Zor elde ettiklerinizin kıymetini bilirsiniz; bu küçük öykümüz de, bir zor elde edişle, bir kıymet bilişle ilgili... (ses düğmesini açabilirsiniz)
Dişlerinin diziliminde, çenelerinin kapanışında bozukluğu olan bir insan, yiyecekleri çiğnemede, dişlerini temizlemede, düzgün konuşmada ve sımsıcak gülüşte problemler yaşayabilir. Bu yüzden de düşleri tel kafesler içinde tutsak olabilir. Böyle zamanlarda Ortodonti yetişir imdada ve dişlere takılan tellerle, tel kafeslerin kapılarını açabilir, tutsak düşlere özgürce kanat çırptırabilir. Nasıl Orhan Veli’nin işi gücü, hepimiz uykudayken gökyüzünü boyamaksa her sabah, adımız Ebruli olmasa da, ortodontistlerin işi gücü, biraz gerçek, biraz düş, bu sihirli telleri dişlere uygulamaktır. Ancak özellikle iskeletsel bozukluklarda, bazen kuvvetlerin ağız dışı aygıtlarla kafadan, alından, enseden destek alınarak uygulanması gerekebilir. Hiçbir ortodontist kendi çocuğuna takmayacağı bir sistemi hastasına uygulamaz; ama uygulaması şart olan durumlarda da çocuğa bu ağız dışı aygıtı günde on altı saat takması söylenebilecektir. Bu görüntü, çocuğu sosyal yaşamında mutsuz edebileceğinden, bir süre sona hastanın gizlice ya da açıkça bu aygıtı hiç takmama riski vardır. Takmama riski genellikle tedavi olmayı çok istemeyen, hele ortodontik tedavi şansına kolaylıkla kavuşuvermiş çocuklarda daha sık görülmektedir. Çünkü aslında ortodontik tedavi olabilmek, hastanelerdeki sıralar açısından, ya da maddi nedenlerle o kadar kolay değildir. Bu zorlukları yaşamayan, elde ettiğinin kıymetini, bu zorlukları aşamayan kadar bilemeyecektir – tedaviden vazgeçivermesi de, başlayıvermesi kadar kolay olabilecektir. Çoğu zaman bir ortodontist yolda yürürken, verdiği ağız dışı aygıtı takmayan bir hastasına rastlayabilir. Çok nadiren de bir ortodontist yolda yürürken, verilmiş ağız dışı aygıtını sadakatle takan bir su satıcısı çocuğa rastlayabilir.

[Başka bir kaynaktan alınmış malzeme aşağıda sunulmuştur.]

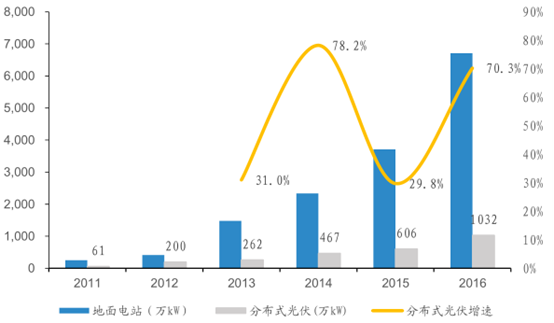 國家能源局公布了今年一季度光伏發(fā)電數(shù)據(jù),新增裝機(jī)量與 2016 年同期基本持平。其中集中式光伏新增裝機(jī)同比下降 23%,而分布式新增裝機(jī)同比增幅達(dá)到151%。且繼續(xù)呈大幅增長趨勢(shì)。

Ortodontist o anda hemen duracak; pek çok çocuk, dünya kadar para verilmiş aygıtları çenelerinde değil, çekmecelerinde dururken ve ılık sularda kulaç atarlarken – serin sular satarak ailesine destek olmaya çalışan ağız dışı aygıtlı bu çocuğa saygı ve sevgiyle bakacaktır. Yoksulluk hep vardır; dünya döndükçe yoksulluk da aşk gibi hep var olacaktır. Eskiden toprak testiyle su satan çocuklar şimdi pet şişelerle, ileride de kim bilir hangi sayısal sistemlerle sokaklarda su satacaktır ve bu kavurucu koşturmada, bir de enseden dolaşan bir kuvvet sistemini kimse görmese bile sadakatle uygulamak kolay değildir. Bir yandan meslek lisesine devam eden, babasının sağlık güvencesiyle bir üniversite hastanesinde tedavi imkanı yakalamış ve bunun kıymeti ruhunun taa derinliklerine işlediği belli olan çocuğun hemen dişlerini inceleyen ortodontist, ağzının bakımını da, üniversitedeki doktorunu da çok takdir edecektir. Elbette iyi giden bir tedavi devam edecektir, ama bir talihsizlikle tedavi devam edemezse endişesiyle kartını uzatacak, o durumda tedavisine gönülle devam edebileceği sözünü de verecektir.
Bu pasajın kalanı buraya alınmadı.